JULES BRODY, Doing Business as STULL STULL & BRODY, Appellant. COMMISSIONER OF LABOR, Respondent.

Calendar Date: August 4, 2014
Before: Peters, P.J., Stein, McCarthy, Rose and Egan Jr., JJ.

Graubard Miller, New York City (C. Daniel Chill of counsel), for appellant.

Cynthia Feathers, Glens Falls, for Maria K. Philip, respondent.

Eric T. Schneiderman, Attorney General, New York City (Mary Hughes of counsel), for Commissioner of Labor, respondent.



MEMORANDUM AND ORDER

Appeal from a decision of the Unemployment Insurance Appeal Board, filed May 17, 2013, which, among other things, ruled that Jules Brody was liable for additional unemployment insurance contributions based on remuneration paid to claimant and others similarly situated.

Claimant was retained to perform document review services for Jules Brody. She successfully applied for unemployment insurance benefits in 2011, after which the Department of Labor determined that Brody was claimant's employer and was responsible for additional unemployment insurance contributions. Brody objected to that determination but, upon his failure to appear at the ensuing hearing, was found to be in default. Brody then sought to reopen the proceeding and further requested that the Administrative Law Judge (hereinafter ALJ) subpoena claimant if she did not voluntarily appear at the reopened hearing. Claimant refused to appear, but the ALJ declined to issue the requested subpoena. The ALJ then granted the application to reopen the proceeding and upheld the initial determination. The Unemployment Insurance Appeal Board affirmed, and Brody appeals.

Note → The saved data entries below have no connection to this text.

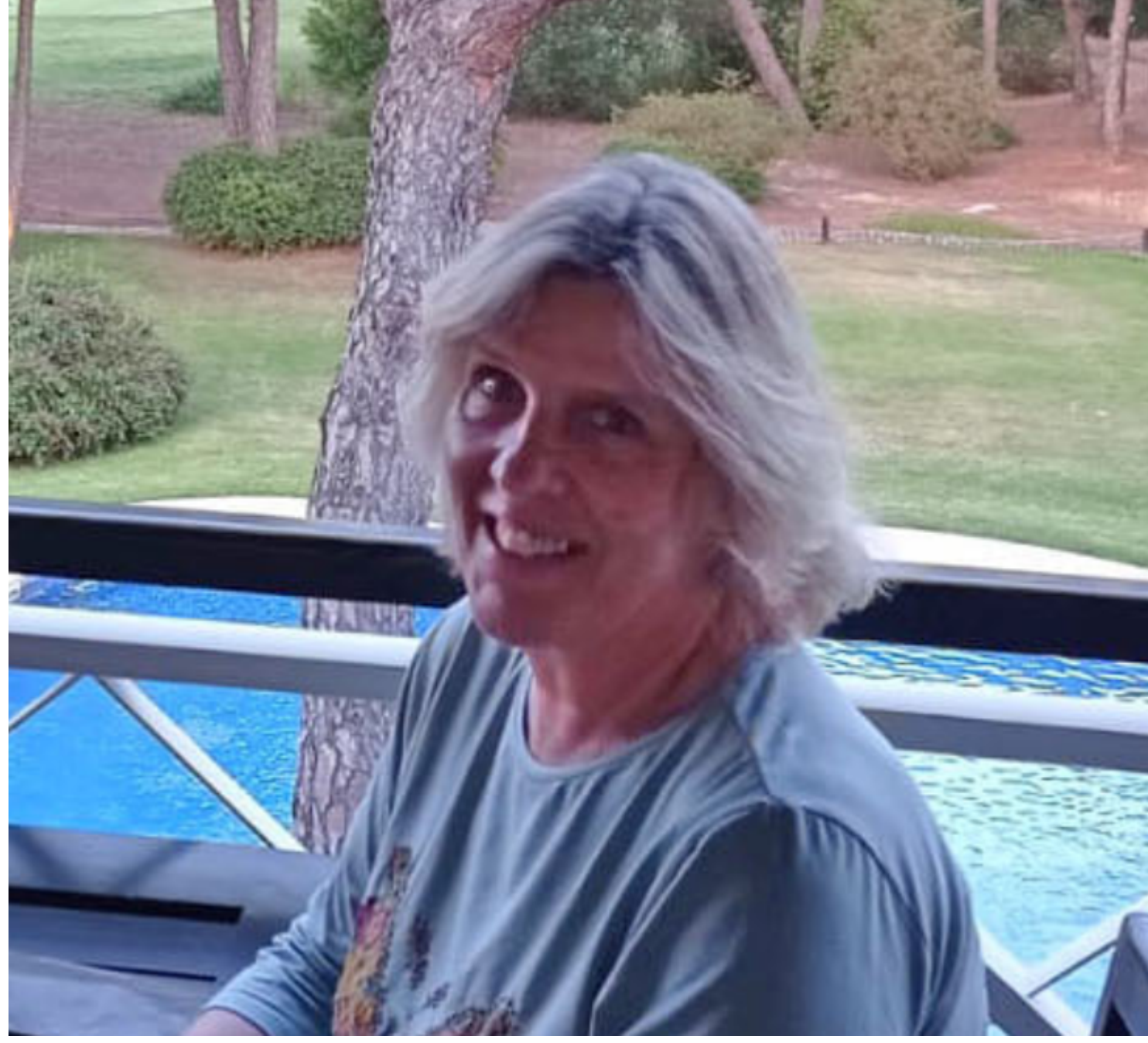
Serendip Properties (Serendip Properties)

Phone: +34 650 965 677 Website: https://serendipproperties.com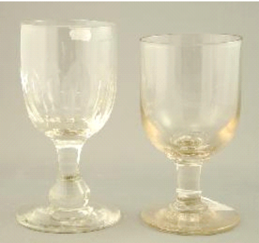
Lot # 90

89 Pair of oils on board signed M.F.K., 7" x 10", "Evening", "Pelican Lake". $50 - $100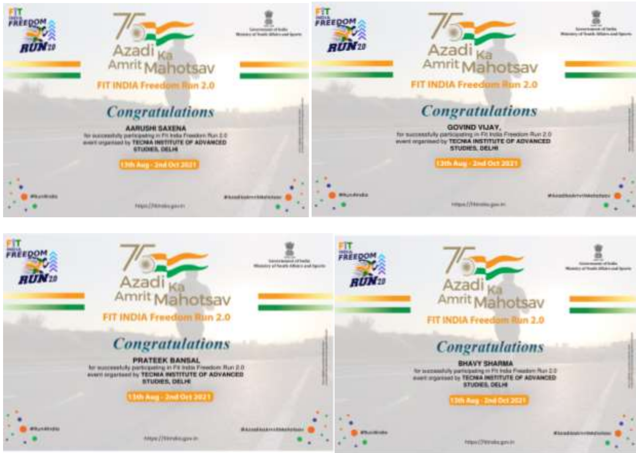
Students Participation Certificated generated from Fitindia.gov.in

4. Share their photos and videos to be uploaded on fitindia.gov.in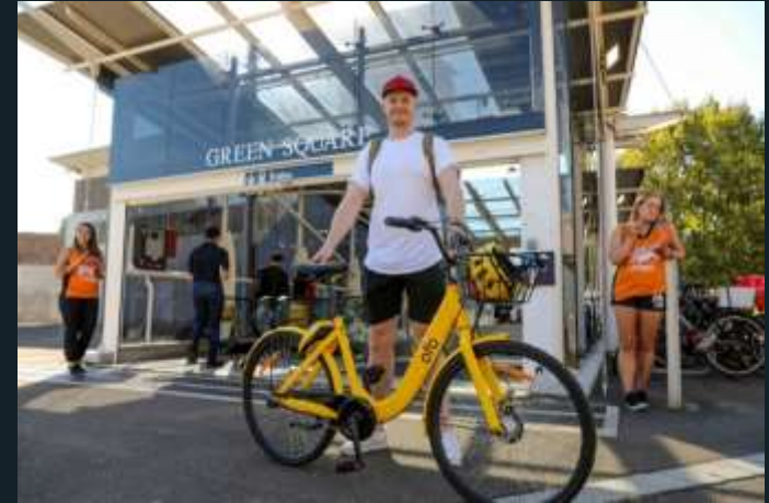
Personalised route advice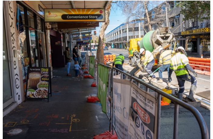
Above: construction work underway with footpath open for use near 300 Crown Street in August 2023.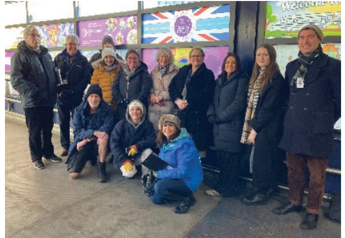
KDL January line meeting

Quarterly Steering Group and individual line meetings are held to update members and stakeholders on the progress of the action plan and offer further opportunity for community engagement.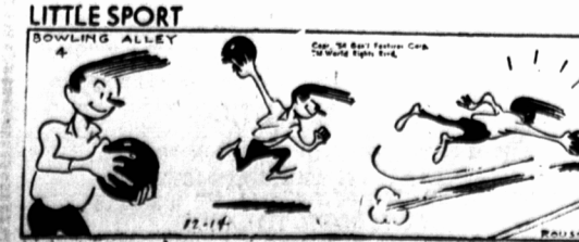
LITTLE SPORT BOWLING ALLEY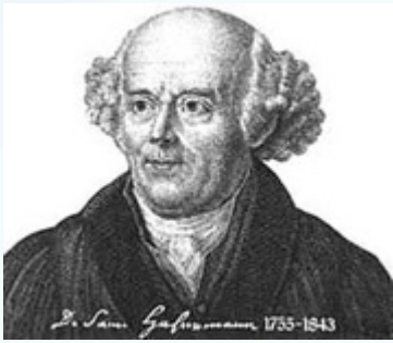
Samuel Hahnemann (1755–1843) Founder of Homeopathy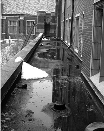
A Ponding water on roof setback.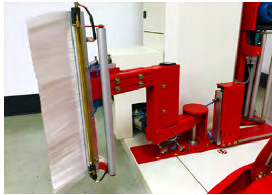
Automatic Film Cut and Wipe Arm

* 3-year parts warranty * (unlimited cycles)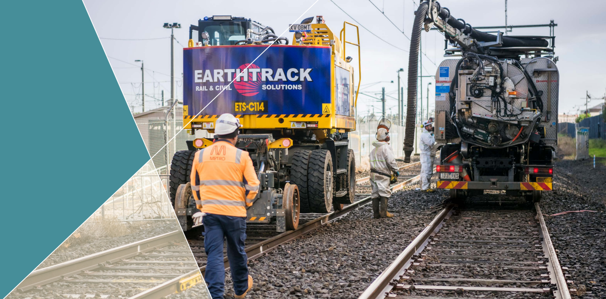
Working along the rail corridor

Build a new North Williamstown Station, with stairs and lifts to lowered platforms.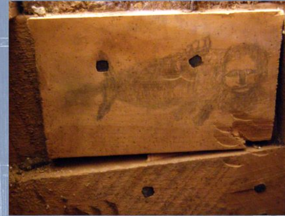
Winsor Castle at Pipe Spring National Monument is a fortified ranch house constructed 1870-1872. This drawing was located in the floorboards of one of the rooms. The "Fish Person" is on a nailer supporting floorboards, and unfortunately is not visible today due to installation of beams in the ceiling of the floor below.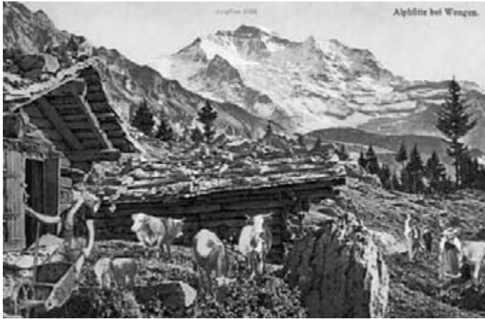
A postcard of Wengen in Switzerland, location of a Benjamin family holiday in 1911.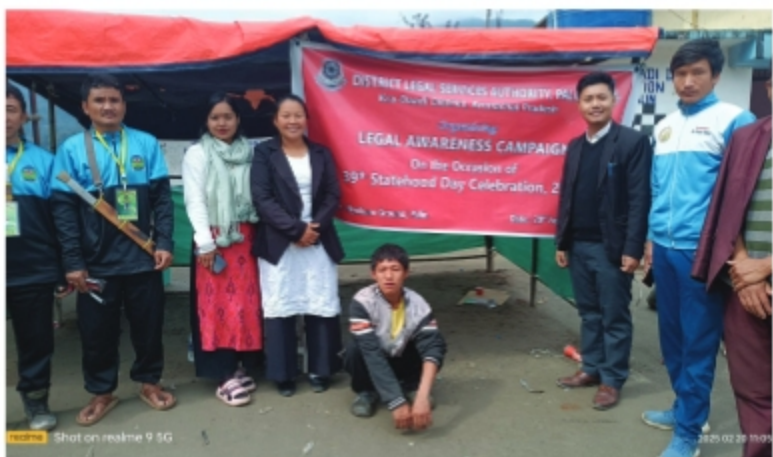
DLSA, Kra-Daadi (Arunachal Pradesh) at Nyokum Ground, Palin

January 28, 2025: DLSA, Ukhrul (Manipur), in collaboration with Tora Legal Aid Clinic, organized a Legal Awareness Programme at Champhung/Aphung village in Ukhrul District. The programme focused on three key topics: the menace of drug abuse, legal rights, and the availability of legal services. Advocates from Ukhrul District served as the Resource Person, delivering insightful guidance on these important issues. A total of 50 participants attended the session, which aimed to empower the local community with knowledge of their rights and available legal remedies while also addressing the growing concern of drug abuse. Resource persons engaged in interactive discussions with community members, encouraged them to speak openly about challenges faced within their locality.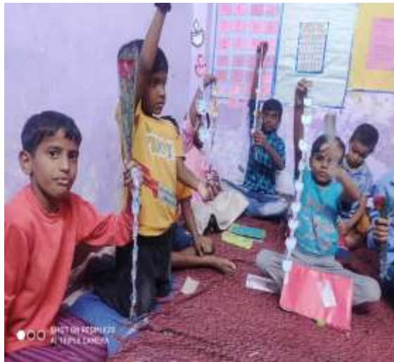
Diwali Workshop, Dwarka Sec-16 community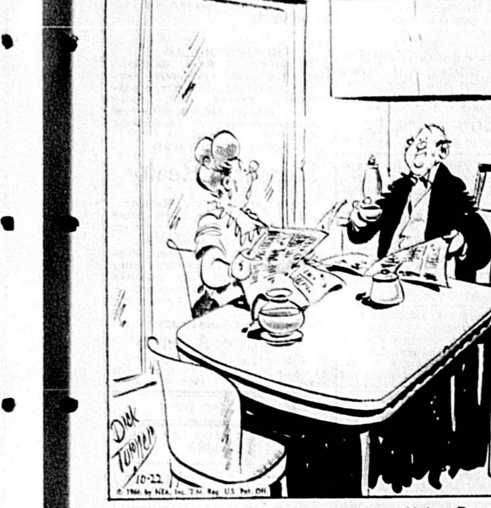
"Speaking of protest marches, I see Helen Bascomb finally got that follow of hers to the marriage license bureau!"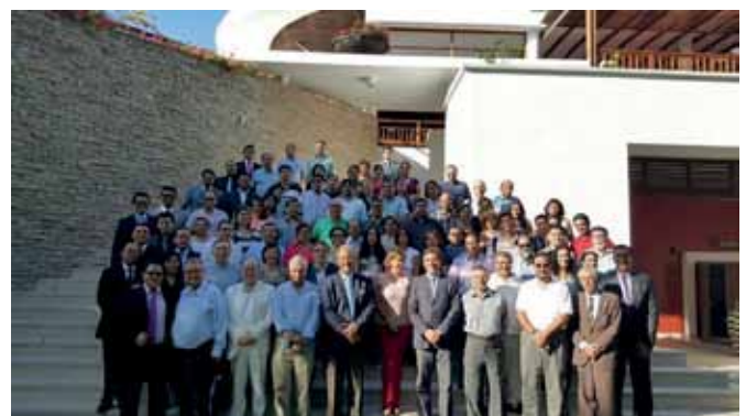
A psychiatrist meeting celebrated in Mompiche on October 29th, 2015.

On September 11 to 13 we supported a Neuro psychopharmacology Event in La Mirage - Cotacachi with special guests, on October 3 we had the Second Annual Sportive Meeting with our associates and their families for social integration, and on October 28 to 30 we had the II Meeting of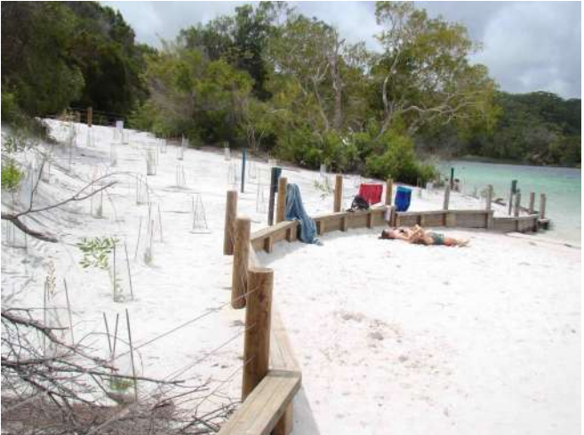
Improving the Aesthetics of Lake McKenzie (Boorangoora) ? The War On Weeds

FIDO still believes that Fraser Island still meets the World Heritage criteria for which it was nominated, but many of these values are increasingly under threat. More resources are required to monitor and manage them. Without more Commonwealth Government financial contribution to the management of the island's World Heritage values and critical scrutiny of the day-to-day management, the environmental degradation will only continue.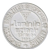
Fig. 5. Competition “Luminile uzinei” (“Plant’s lights”)

Aluminium. 50 mm. Private Collection (hereinafter referred to as PC). (Fig. 5).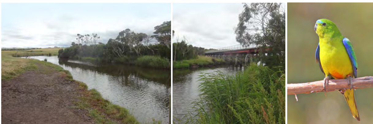
Left and centre: Swamp Scrub vegetation north of Daly Bridge. Right: Orange-bellied Parrot.

To assist the West Gippsland CMA and other stakeholders to allocate funding to the actions and to seek appropriate external funding, the actions have been prioritised. Implementation of the actions is contingent on the availability of funding.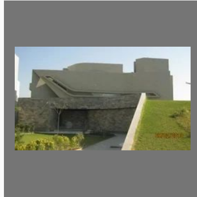
Balaji Green Valley Adalaj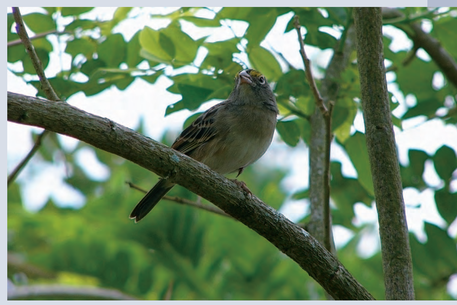
FIGURE 2 Coal miners have their canary, and the Silvopastoral Project has the sabanero grillo (Ammodramus savannarum). This critically endangered species was observed in a live fence planted under the Project in Quindío, Colombia.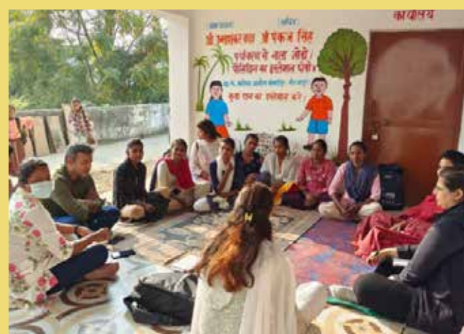
Listening session underway at Kantit Gramin, Mirzapur District in Uttar Pradesh

Growing aspirations for local livelihood opportunities: Through the process of re-listening, it has been observed that there is a continuous loop of listening and learning to unearth a deep understanding of the enablers, the opportunities and prospects of collaboration among stakeholders. A responsive entrepreneurial ecosystem has also emerged, reflecting a scope for scaling entrepreneurship in the program geographies.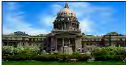
Idaho State Capitol

2015 Liberty Symposium June 17th, 18th, 19th & 20 th State Capitol- Boise, Idaho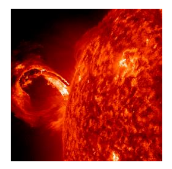
A 2013 coronal mass ejection.

get off to a slow start, but is anticipated to peak between 2023 and 2026 with a sunspot range of 95 to 130. This is well below the typical average of 140 to 220 sunspots per solar cycle. The panel expressed high confidence that the coming cycle should break the trend of weakening solar activity seen over the past four cycles. The Solar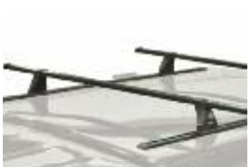
Thule® Tracker II with Push-button Locks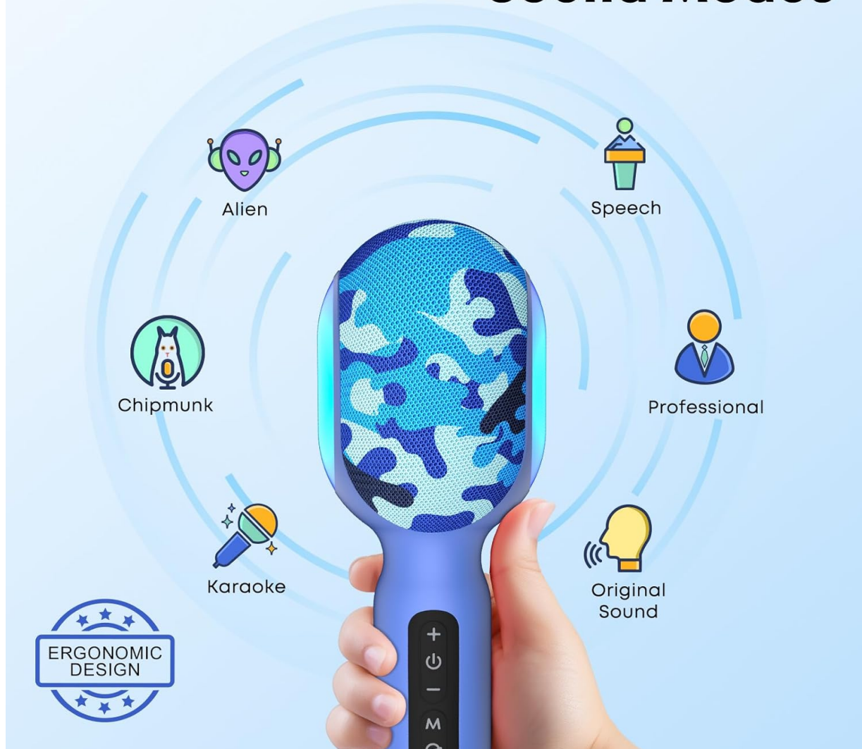
Image: The SONDTUO KM10 microphone showing its ergonomic design and control panel on the handle. Buttons include Power, Volume Up/Down, Mode, and LED light control.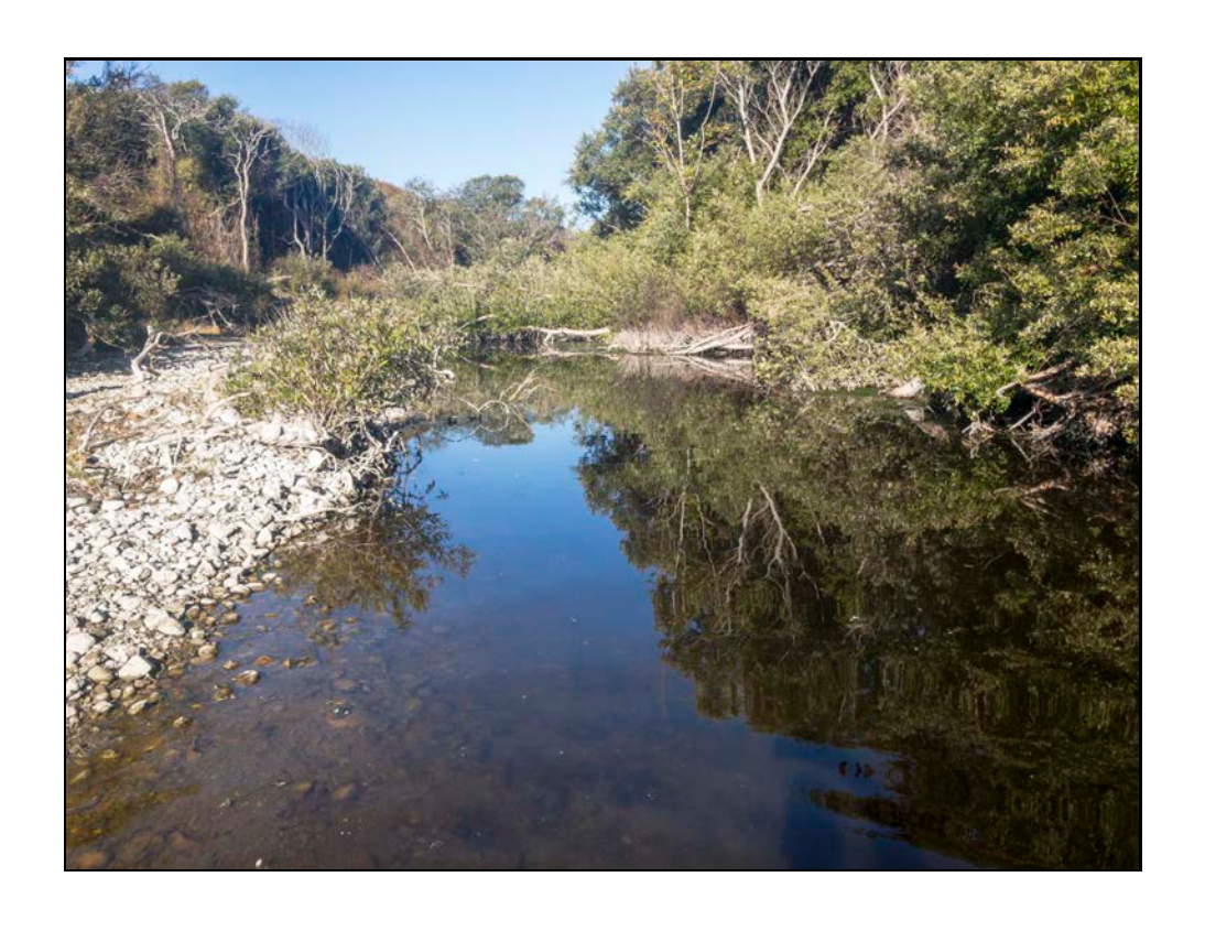
Downstream, Red Legged Pool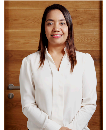
BROKERAGE OFFICE, MS OR AND MS ELLE

The Lee Marine pre-owned yacht brokerage is the most active in South East Asia with the highest volume sales in the region. The Team has solid experience in power and sail, and technical and operational workings of a variety of yachts. This knowledge is integral to the company's high standard operations yet alone a very comforting thought when you are purchasing a yacht. The Brokers communicate freely working together to suitably match clients and yachts.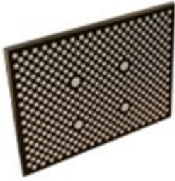
Calibration plate, CP-DS3D-V3

We reverse. Brody was entitled to call claimant as a witness and, moreover, had the [*2]right to request that the ALJ issue a subpoena to compel her attendance (see Labor Law § 622 [1]; 12 NYCRR 461.4 [c]; Matter of Mintzer [Sheft—Commissioner of Labor], 256 AD2d 965, 966 [1998]). Claimant plainly had relevant testimony to offer as to whether an employer-employee relationship existed between her and Brody. The ALJ nevertheless declined to issue the requested subpoena, pointing out that counsel for Brody could have subpoenaed claimant directly. The failure to either issue a subpoena or to adjourn the proceedings so that counsel could do so constituted an abuse of discretion under the circumstances of this case and, thus, "we believe that the proper course is to reverse the Board's decision and remit this matter for further proceedings" (Matter of Mintzer [Sheft—Commissioner of Labor], 256 AD2d at 966; see Matter of Moseley [Commissioner of Labor], 61 AD3d 1133, 1134 [2009]; Matter of Box [Commissioner of Labor], 249 AD2d 608, 608 [1998]). In light of the foregoing, we need not address the remaining arguments advanced by Brody.

Peters, P.J., Stein, McCarthy, Rose and Egan Jr., JJ., concur.

ORDERED that the decision is reversed, without costs, and matter remitted to the Unemployment Insurance Appeal Board for further proceedings not inconsistent with this Court's decision.